The US and China met with India, Brazil, and South Africa today and hacked together a modest deal. This has yet to be approved by the 193 nations present, but it covers the G-2 which is the minimum to move forward.
The leaders called climate change “one of the greatest challenges of our time,” and duly pledged to hold the global temperature below 2 degrees (as recommended by the IPCC). That’s about where the good news ends.
The text is full of exceptions for so-called ‘developing nations‘ – a group that includes some of the world’s largest polluters, and rich industrialized nations like Singapore. (Haven’t statisticians like Hans Rosling should have vanquished this misrepresentation long ago?)
The only really meat of the agreement is that ‘developed countries’ have made a series of add-hoc pledges to reduce emissions to varying levels ranging from 5% (croatia) to 35% (norway). These pledges will be verified and reported but there is no mention of a legal mechanism or any sanctions of any sort. Developing countries are not held to any pledges whatsoever. In short, this is a non-deal.

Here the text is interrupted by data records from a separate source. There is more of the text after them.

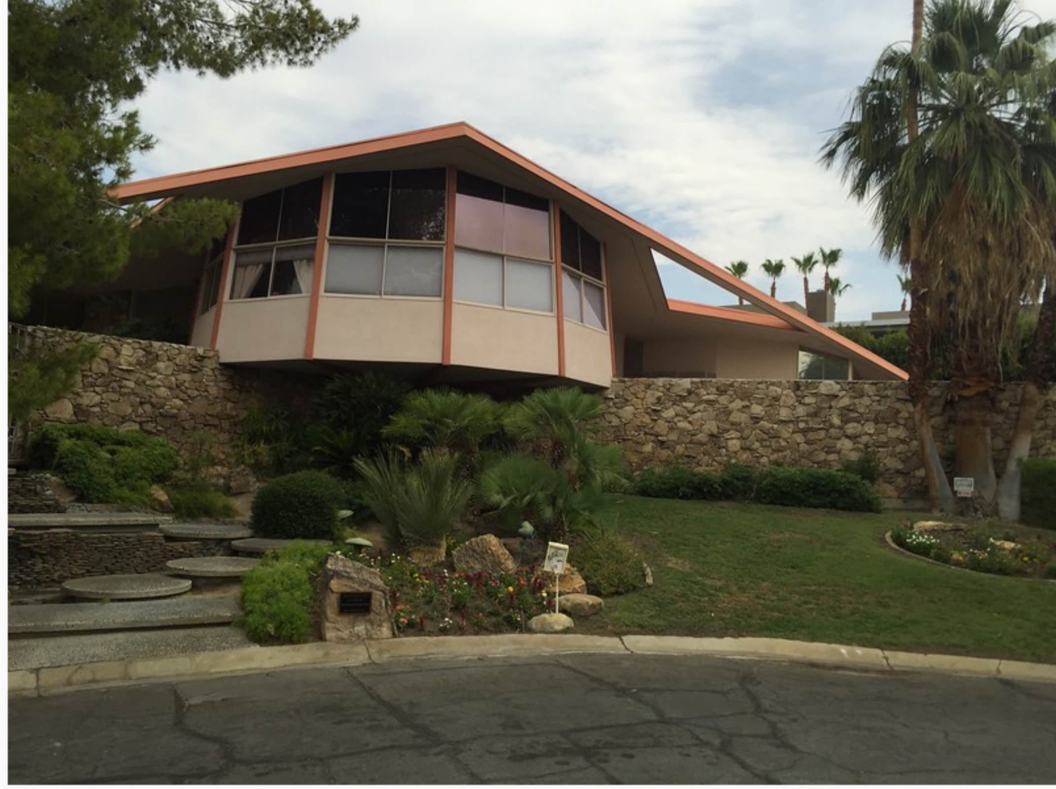
Elvis Honeymoon Hideaway.

Whether or not you are an Elvis fan, be sure to schedule a tour of the Elvis Honeymoon Hideaway . If you take a bus tour, it will drive past it, but I highly recommend scheduling a tour inside the home which is in nearly the exact condition it was when Elvis and Priscilla lived there the first year of their marriage (this is also the home they were living in the day they got married and you'll get to see the escape route they used to avoid the press).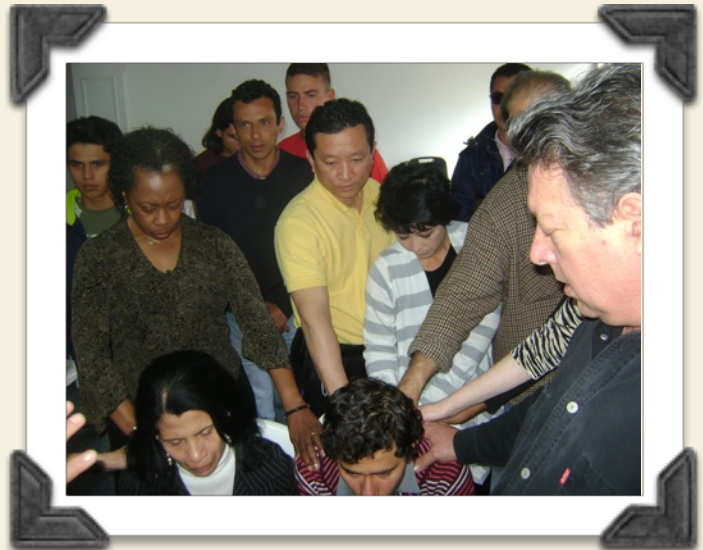
Members of the team pray for members of the Men's Rehab Center. The word brings "Freedom".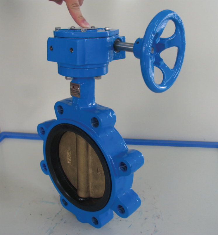
No.1 lug & concentric butterfly valve Black ring is seat, integral lined body so that body didn't touch any fluid. You can choose any materials of body This cost is cheaper.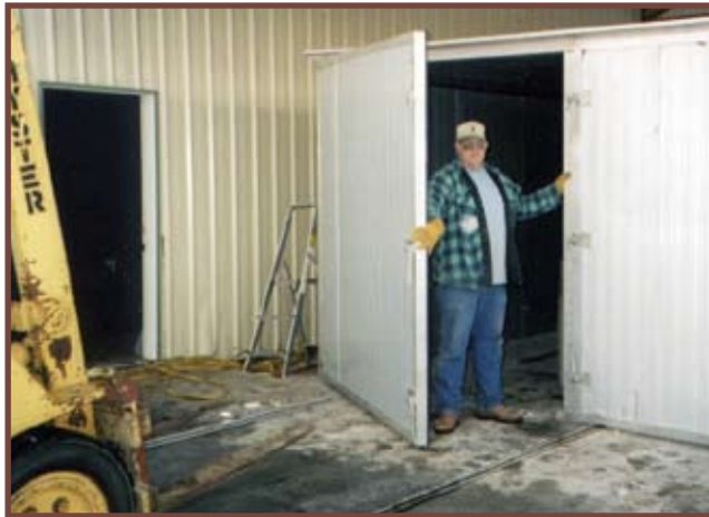
Small-capacity wood dryer in Fossil, Oregon.

helping wood products manufacturers grow and become more profitable by helping them make connections to new markets, locate financing opportunities, take advantage of employee training programs, and find alternate sources of supply.”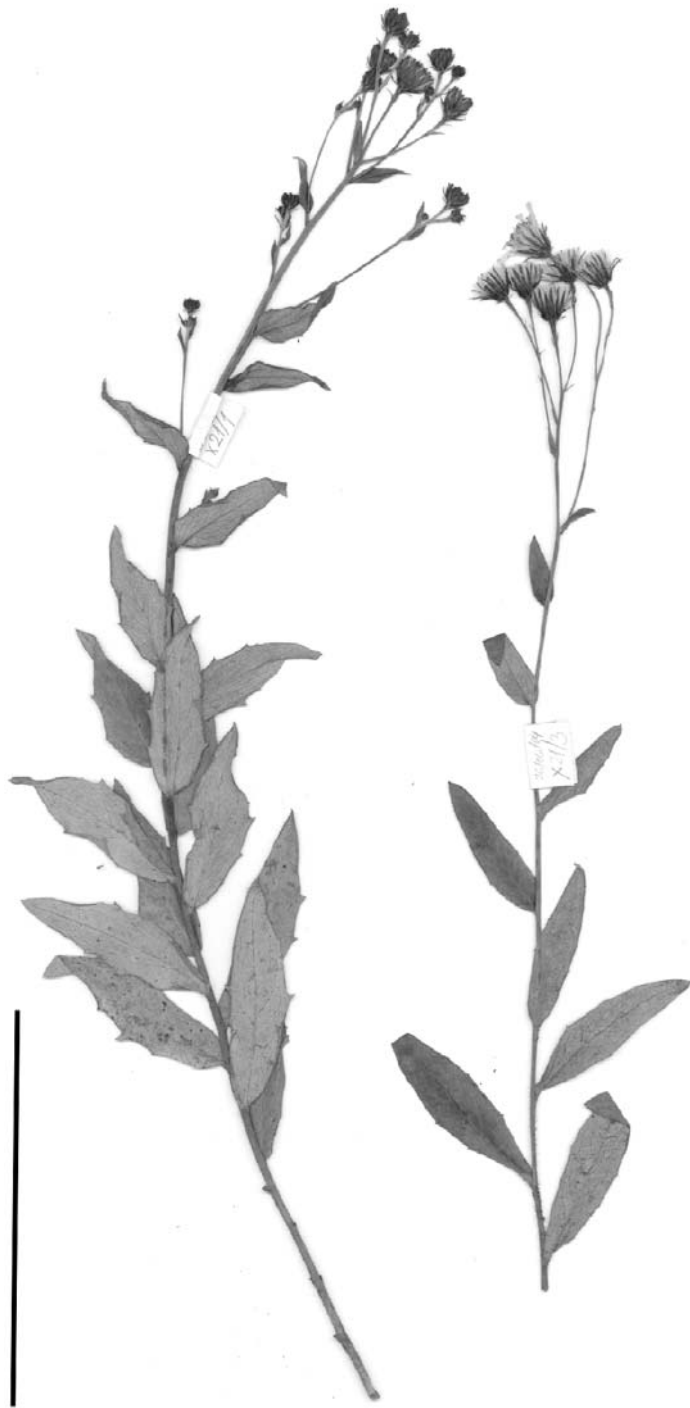
Fig. 12. – Triple hybrids from cross no. X22: H. umbellatum – high mountain morphotype \times ( Hieracium transsilvanicum \times H. umbellatum – morphotype of low altitude), scale bar = 10 cm.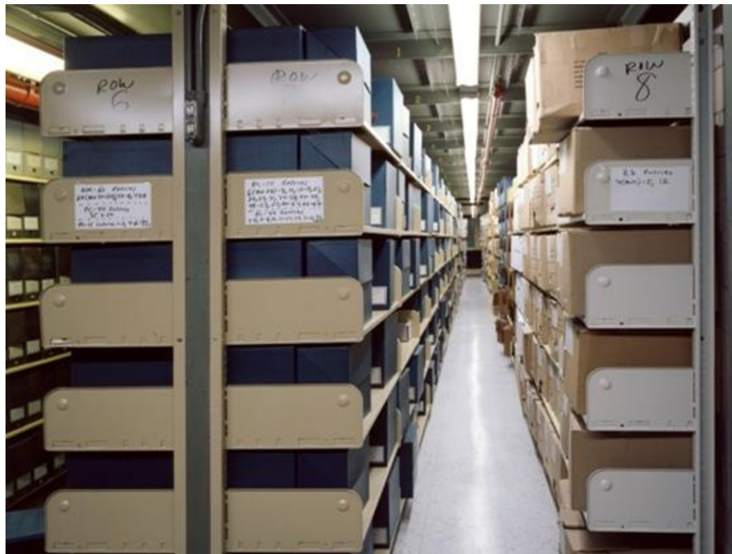
Stacks at the National Archives in Washington, DC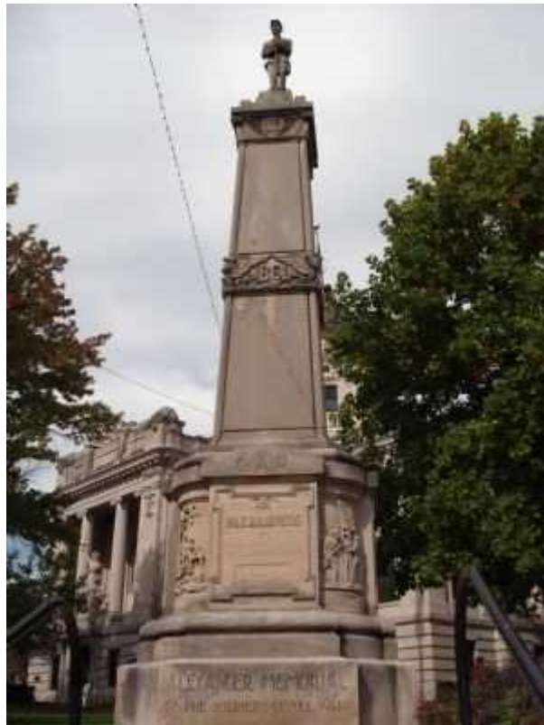
G.A.R. Soldiers of All Wars Memorial, located on the southeast corner of the Monroe County Courthouse in Bloomington, Indiana, was erected in 1928 by the G.A.R., Paul E. Slocumb Post No. 85 to honor soldiers from the Mexican War, Civil War, Spanish-American War, World War I, and all wars.

Despite not contributing any verifiable reductions, the ‘developing’ countries have negotiated a boatload of climate mitigation funding from the EU, US, and Japan.
There are clearly some good-guys and bad guys emerging in the new climate politics. The Europeans are to be applauded for making both generous contributions and substantial emissions pledges, The teen-level reductions that the US has pledged are certainly an improvement over the Bush years. The real villains emerging in the climate sphere are India and China who are still belligerently stuck on the idea that polluting is their right. They are wrong. Let’s hope they clean up their approach by Cop16.